#### INFORMATION PROVIDED
------------

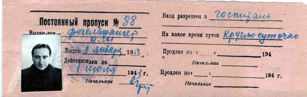 Постоянный пропуск в госпиталь № 88 военврача И.М. Фогельфангера. 1943 г.
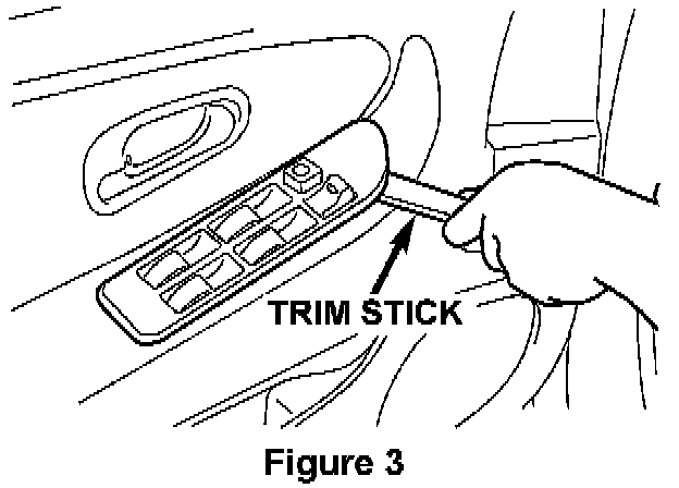 4. For vehicles with power windows: Remove the power window/lock switch assembly. Use a trim stick to release the clips at the front of the assembly (Figure 3).
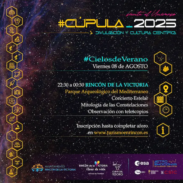 El programa de la noche comenzará a las 22:30 horas. Habrá una charla sobre la mitología de las constelaciones, una observación nocturna de planetas y objetos de espacio profundo mediante un telescopio profesional, y un concierto estelar protagonizado por una soprano acompañada al piano, que amenizará una experiencia cultural única bajo el cielo de Rincón de la Victoria.
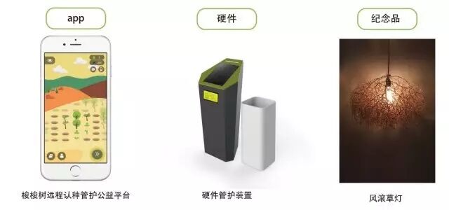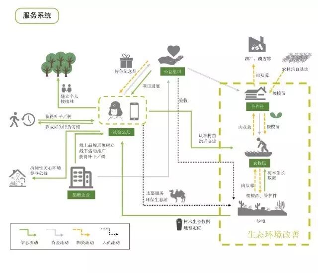 沙漠植树公益类型的服务设计,平衡项目流程中社会公众、公益组织、企业、牧民、合作社利益相关者的活动流程设计,核心点是公众从捐赠的行为转变为认领管护梭梭树的行为,以期达到项目的可持续性发展,同时对服务流程中涉及到的触点如管护硬件、特色纪念品、移动端应用进行设计。

------------

#### WORK TASK
Pictures stay out; the data above is to be returned exactly.

#### WRITTEN SOLUTION
 Постоянный пропуск в госпиталь № 88 военврача И.М. Фогельфангера. 1943 г.
 4. For vehicles with power windows: Remove the power window/lock switch assembly. Use a trim stick to release the clips at the front of the assembly (Figure 3).
 El programa de la noche comenzará a las 22:30 horas. Habrá una charla sobre la mitología de las constelaciones, una observación nocturna de planetas y objetos de espacio profundo mediante un telescopio profesional, y un concierto estelar protagonizado por una soprano acompañada al piano, que amenizará una experiencia cultural única bajo el cielo de Rincón de la Victoria.
 沙漠植树公益类型的服务设计,平衡项目流程中社会公众、公益组织、企业、牧民、合作社利益相关者的活动流程设计,核心点是公众从捐赠的行为转变为认领管护梭梭树的行为,以期达到项目的可持续性发展,同时对服务流程中涉及到的触点如管护硬件、特色纪念品、移动端应用进行设计。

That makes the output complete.